§ **Dataset items**
################
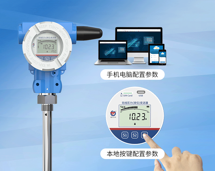 電(dian)容式液位計既支(zhi)持通(tong)(tong)過手機或電(dian)腦終端(duan)進行(xing)參數(shu)配(pei)置(zhi),也支(zhi)持通(tong)(tong)過本(ben)地(di)按(an)鍵(jian)進行(xing)參數(shu)配(pei)置(zhi),大大提升了(le)設備(bei)的可維護性和(he)使用效率,實現了(le)設備(bei)管(guan)理的智能化(hua)與便捷化(hua)。
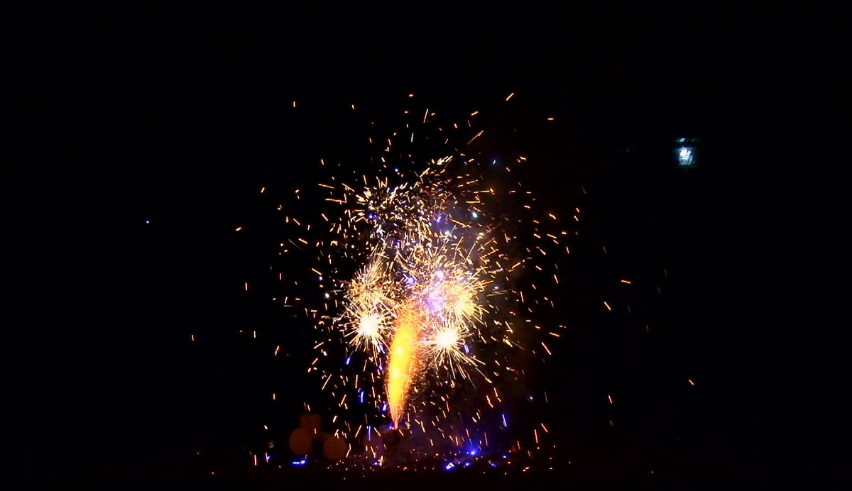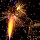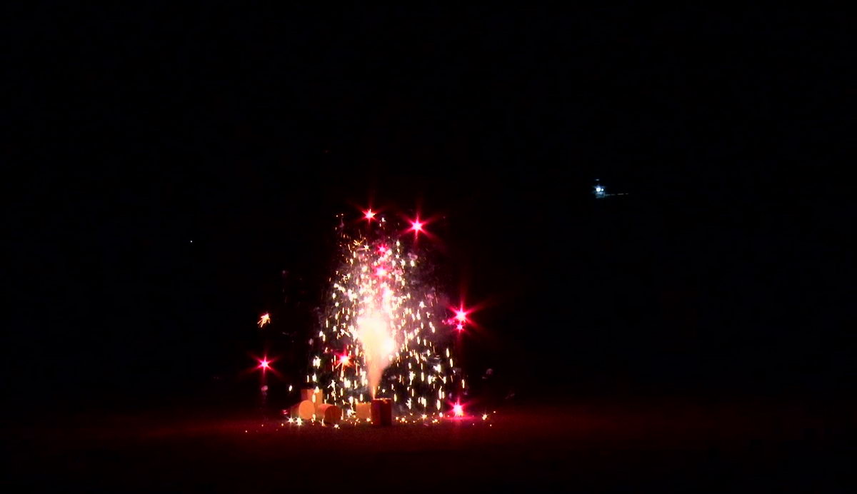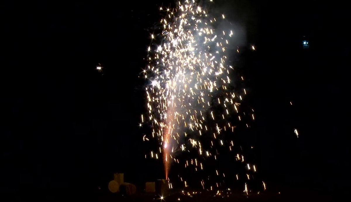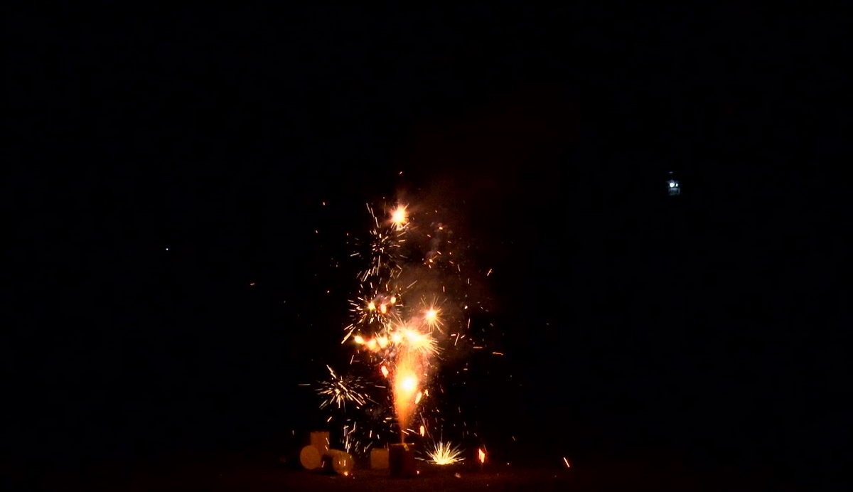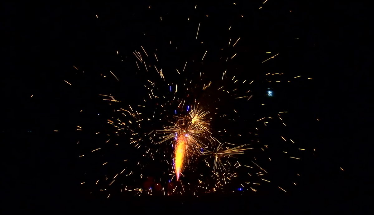 - Вертушка или "солнце" - сложная конструкция из уличных фонтанов, закрепленных в форме колеса. Фонтаны прикреплены под небольшим углом; выбрасывая искры, они создают тягу - и колесо крутится, формируя ослепительно сияющее огненное кольцо. Это очень эффектный фейерверк, но смонтировать его довольно сложно. Потребуется вертикальная поверхность типа столба или прямого дерева: в открытом поле такой фонтан не запустишь. К вертушке обычно прикладывается толстый гвоздь; правда, его довольно легко потерять - тогда подойдет обычный, длиной 12-15 см. Прибиваете вертушку к столбу через отверстие в центре. Убедитесь в надежности прибитого гвоздя! Также необходимо обеспечить зону безопасности как минимум 10 метров, т.к. в процессе вращения искры могут отлетать на довольно большое расстояние.
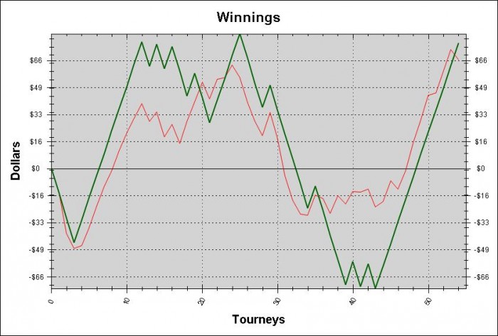 Если не смогу себя настроить на оптимальную игру, то делать в покере нечего. На графике все что сверху вниз это игра в агроманки стиле в чудовищном тильте. Все что снизу вверх это игра выспавшимся в хорошом ТАГ стиле, собранным, без единой помарки. Выводы очевидны.
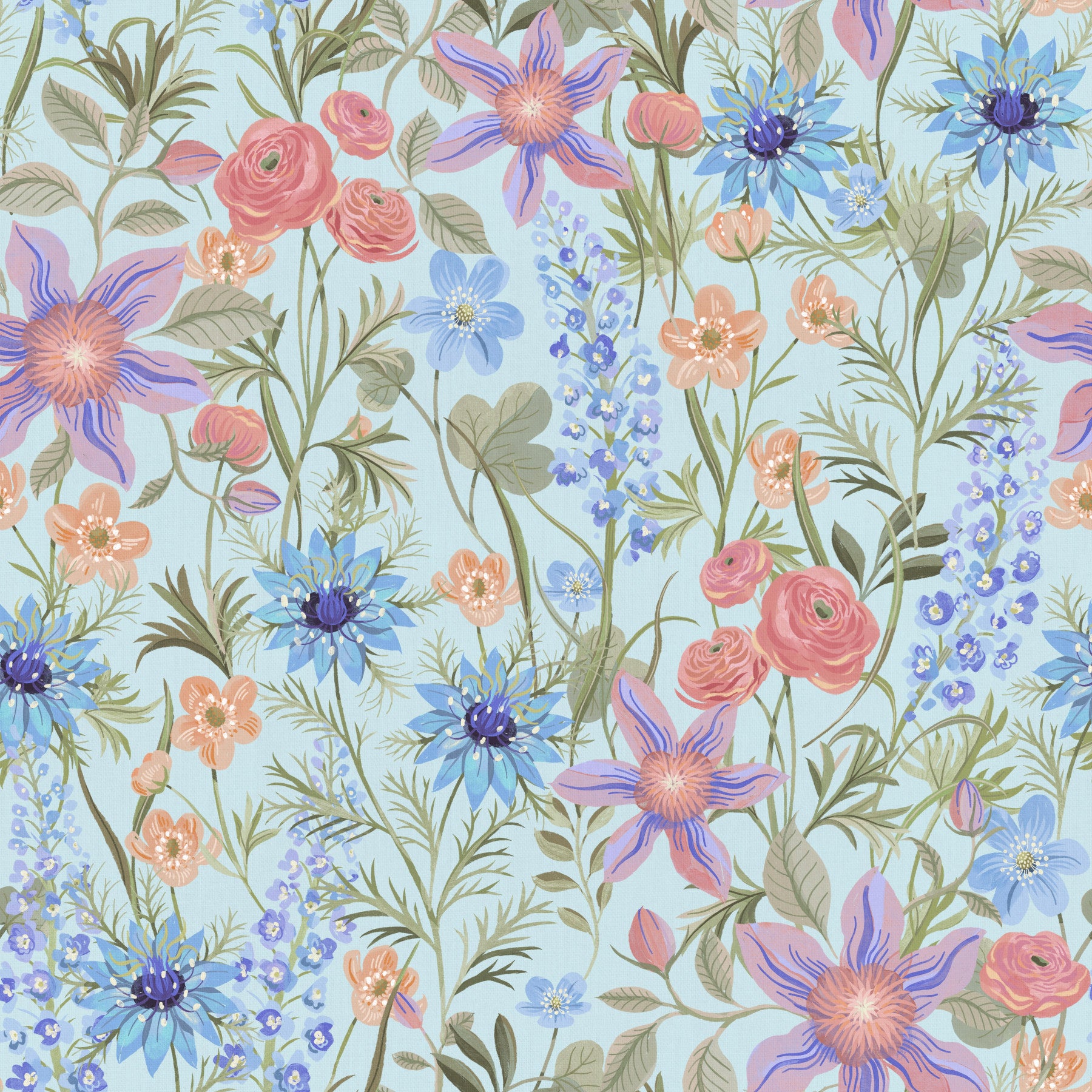 Sky blue wallpaper with retro ranunculus florals
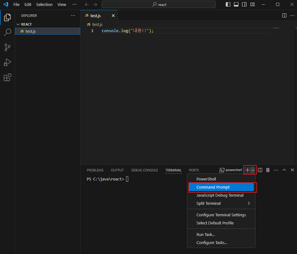 1. + 버튼 클릭 > Command Prompt 클릭
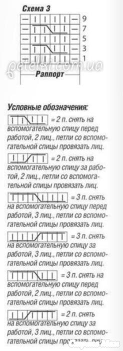 Плотность вязания, узор по схеме 2: 12 п. и 20 р. = 10 х 10 см.
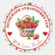 Watercolor red and green strawberries in a basket design with strawberry background and red text
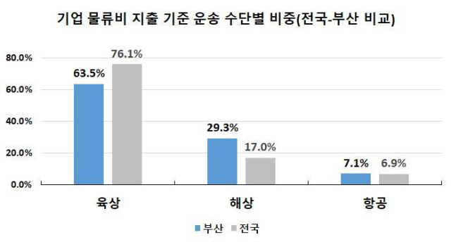 조사결과에 따르면 응답 기업의 32.4%는 매출액 대비 물류비 비중이 10%를 넘긴 것으로 나타났다. 물류비 지출을 기준으로 한 운송 수단의 경우 부산의 육상 운송 비중(63.5%)은 전국(76.1%)보다 다소 낮은 반면 해상 운송(29.3%)은 전국(17.0%)보다 월등히 높은 수준을 보였다. 전년도와 비교했을 때 해상 물류비 부담이 늘었다고 응답한 기업 비율 역시 전체의 35.3%로, 부담이 줄었다(5.5%)는 비율을 크게 앞섰다. 특히 전체 물류비에서 해상 운송 차지 비중이 50%를 넘는 수출 기업의 경우에는 부담이 늘었다는 비중이 48.2%에 달하는 것으로 조사됐다. 해상운임 급등으로 인한 물류비 이슈에 지역 기업이 더 큰 영향을 받는 것이 수치로 확인된 셈이다.
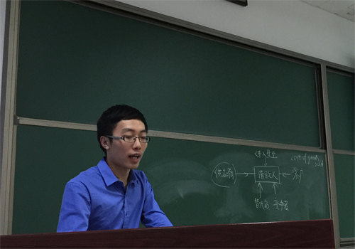 2015年5月16日晚上,第3次保险专硕讲座在今年会jinnianhui理科教学楼209举行。摩根大通银行(中国)有限公司全球信用风险管理部分析师吴越凡以“企业信用风险评级方法”为题向听众介绍了企业信用风险评级的具体流程与方法。讲座由风险管理与保险学系副主任刘新立老师主持。
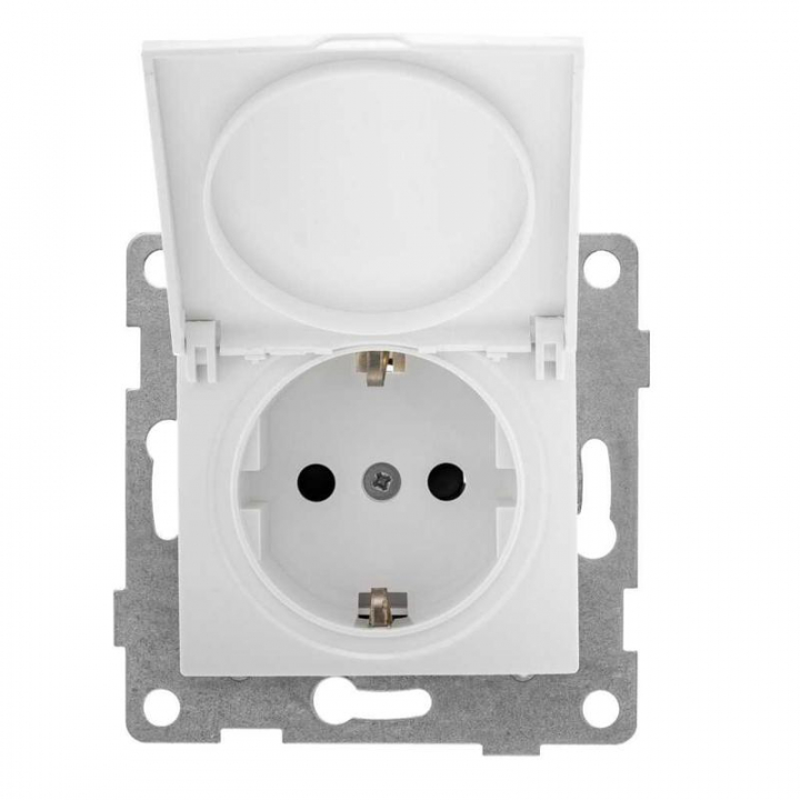 Розетка 1-м СП Bravo 16А 250В с заземл. защ. шторки с крышкой механизм бел. GUSI С10Р91-001
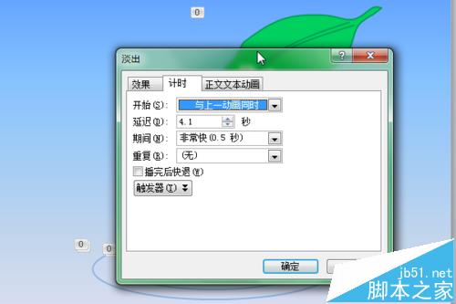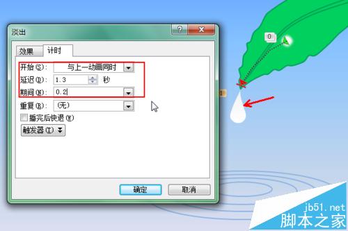 6、叶尖位置的泪滴形为露珠滚落形成,添加“淡出”效果,设置与上一动画同时,延迟1.3秒,期间0.2秒
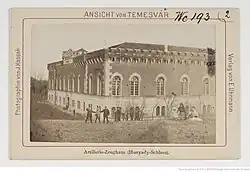 In 1849, the Hungarian revolutionaries, besieging Timișoara, destroyed the castle from its foundations, to the point where a reconstruction of the edifice was needed. The reconstruction and renovation work was finished in 1856.[10] However, the main facade of the castle was modified, this time being made in a romantic style.[11] Between 1919 and 1947, the Banat Barracks (Romanian: Cazarma Bănățeană), as it was known then, was the headquarters of the 7th Pioneers' Regiment and the 6th Heavy Artillery Regiment.[12]
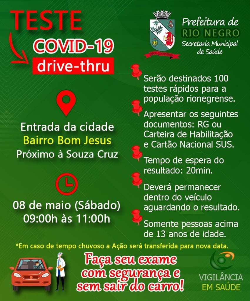 Neste sábado (08), a Secretaria de Saúde de Rio Negro realizará testagem gratuita no formato drive-thru no bairro Bom Jesus, na entrada da cidade, próximo à Souza Cruz.
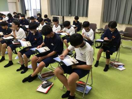 13学級の音楽です。浜辺の歌を聴きながら、歌詞の言葉を確認しています。
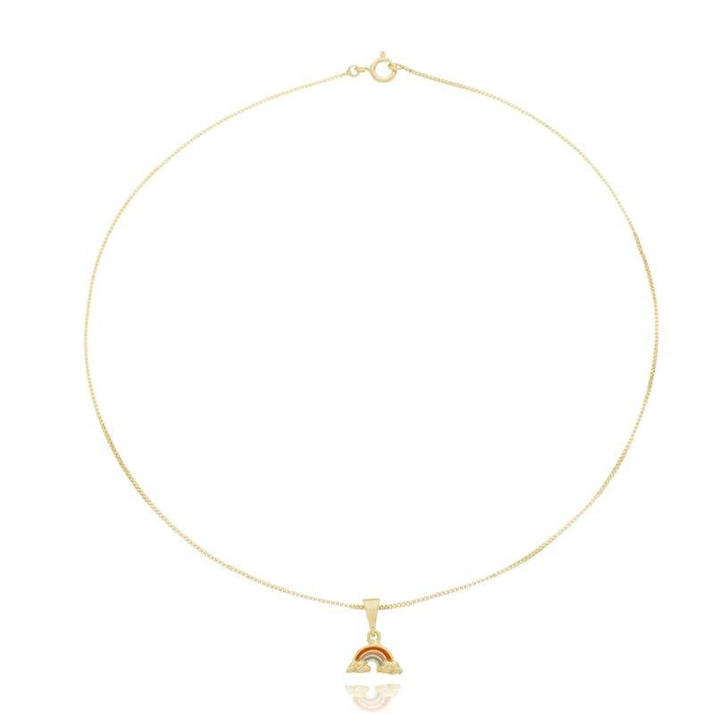 Colar infantil corrente veneziana e pingente Arco Íris colorido, semijoia banhada em ouro 18k e desenvolvida com tecnologia hipoalergênicaDica de uso: Adicione um toque de fofura ao look da pequena com nossa linha infantil, com o pingente de arco íris colorido ele adiciona um toque de delicado e fofura ao visual
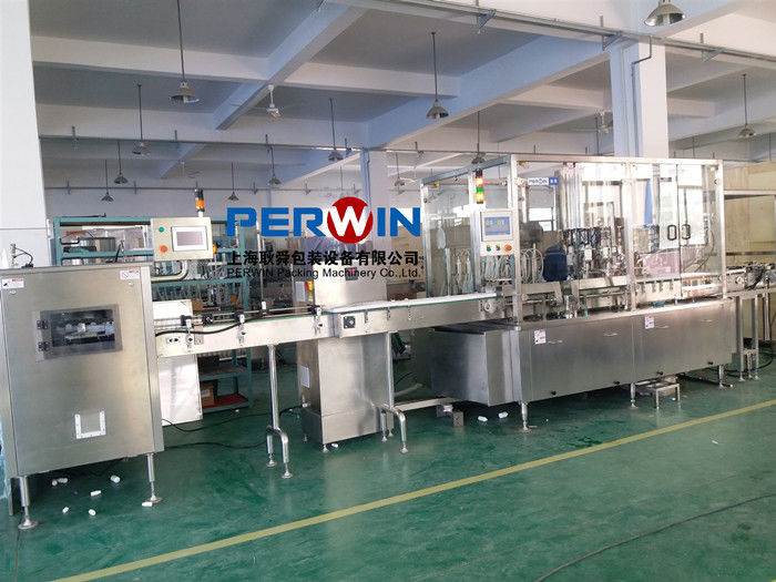 Deze hoge snelheidsnevel flessenvullen en het afdekken productielijn werd ontworpen door ons eigen bedrijf met automatische fles unscrambler, 8 het vullen hoofden onophoudelijk roterende opvolgende het vullen machine, 8 hoofden roterende het toevoegen GLB machine en 8 hoofden roterende het afdekken machine (duwtype & schroeftype fles). Het vullen en het afdekken worden ontworpen in één monoblockmachine. Deze productielijn stabiele lopende snelheid is rond 80 flessen per minuut.
################
§ **Instructions for the task**
From the first line above to the last, reproduce the records exactly but without the pictures.

§ **Worked solution**
 電(dian)容式液位計既支(zhi)持通(tong)(tong)過手機或電(dian)腦終端(duan)進行(xing)參數(shu)配(pei)置(zhi),也支(zhi)持通(tong)(tong)過本(ben)地(di)按(an)鍵(jian)進行(xing)參數(shu)配(pei)置(zhi),大大提升了(le)設備(bei)的可維護性和(he)使用效率,實現了(le)設備(bei)管(guan)理的智能化(hua)與便捷化(hua)。
 - Вертушка или "солнце" - сложная конструкция из уличных фонтанов, закрепленных в форме колеса. Фонтаны прикреплены под небольшим углом; выбрасывая искры, они создают тягу - и колесо крутится, формируя ослепительно сияющее огненное кольцо. Это очень эффектный фейерверк, но смонтировать его довольно сложно. Потребуется вертикальная поверхность типа столба или прямого дерева: в открытом поле такой фонтан не запустишь. К вертушке обычно прикладывается толстый гвоздь; правда, его довольно легко потерять - тогда подойдет обычный, длиной 12-15 см. Прибиваете вертушку к столбу через отверстие в центре. Убедитесь в надежности прибитого гвоздя! Также необходимо обеспечить зону безопасности как минимум 10 метров, т.к. в процессе вращения искры могут отлетать на довольно большое расстояние.
 Если не смогу себя настроить на оптимальную игру, то делать в покере нечего. На графике все что сверху вниз это игра в агроманки стиле в чудовищном тильте. Все что снизу вверх это игра выспавшимся в хорошом ТАГ стиле, собранным, без единой помарки. Выводы очевидны.
 Sky blue wallpaper with retro ranunculus florals
 1. + 버튼 클릭 > Command Prompt 클릭
 Плотность вязания, узор по схеме 2: 12 п. и 20 р. = 10 х 10 см.
 Watercolor red and green strawberries in a basket design with strawberry background and red text
 조사결과에 따르면 응답 기업의 32.4%는 매출액 대비 물류비 비중이 10%를 넘긴 것으로 나타났다. 물류비 지출을 기준으로 한 운송 수단의 경우 부산의 육상 운송 비중(63.5%)은 전국(76.1%)보다 다소 낮은 반면 해상 운송(29.3%)은 전국(17.0%)보다 월등히 높은 수준을 보였다. 전년도와 비교했을 때 해상 물류비 부담이 늘었다고 응답한 기업 비율 역시 전체의 35.3%로, 부담이 줄었다(5.5%)는 비율을 크게 앞섰다. 특히 전체 물류비에서 해상 운송 차지 비중이 50%를 넘는 수출 기업의 경우에는 부담이 늘었다는 비중이 48.2%에 달하는 것으로 조사됐다. 해상운임 급등으로 인한 물류비 이슈에 지역 기업이 더 큰 영향을 받는 것이 수치로 확인된 셈이다.
 2015年5月16日晚上,第3次保险专硕讲座在今年会jinnianhui理科教学楼209举行。摩根大通银行(中国)有限公司全球信用风险管理部分析师吴越凡以“企业信用风险评级方法”为题向听众介绍了企业信用风险评级的具体流程与方法。讲座由风险管理与保险学系副主任刘新立老师主持。
 Розетка 1-м СП Bravo 16А 250В с заземл. защ. шторки с крышкой механизм бел. GUSI С10Р91-001
 6、叶尖位置的泪滴形为露珠滚落形成,添加“淡出”效果,设置与上一动画同时,延迟1.3秒,期间0.2秒
 In 1849, the Hungarian revolutionaries, besieging Timișoara, destroyed the castle from its foundations, to the point where a reconstruction of the edifice was needed. The reconstruction and renovation work was finished in 1856.[10] However, the main facade of the castle was modified, this time being made in a romantic style.[11] Between 1919 and 1947, the Banat Barracks (Romanian: Cazarma Bănățeană), as it was known then, was the headquarters of the 7th Pioneers' Regiment and the 6th Heavy Artillery Regiment.[12]
 Neste sábado (08), a Secretaria de Saúde de Rio Negro realizará testagem gratuita no formato drive-thru no bairro Bom Jesus, na entrada da cidade, próximo à Souza Cruz.
 13学級の音楽です。浜辺の歌を聴きながら、歌詞の言葉を確認しています。
 Colar infantil corrente veneziana e pingente Arco Íris colorido, semijoia banhada em ouro 18k e desenvolvida com tecnologia hipoalergênicaDica de uso: Adicione um toque de fofura ao look da pequena com nossa linha infantil, com o pingente de arco íris colorido ele adiciona um toque de delicado e fofura ao visual
 Deze hoge snelheidsnevel flessenvullen en het afdekken productielijn werd ontworpen door ons eigen bedrijf met automatische fles unscrambler, 8 het vullen hoofden onophoudelijk roterende opvolgende het vullen machine, 8 hoofden roterende het toevoegen GLB machine en 8 hoofden roterende het afdekken machine (duwtype & schroeftype fles). Het vullen en het afdekken worden ontworpen in één monoblockmachine. Deze productielijn stabiele lopende snelheid is rond 80 flessen per minuut.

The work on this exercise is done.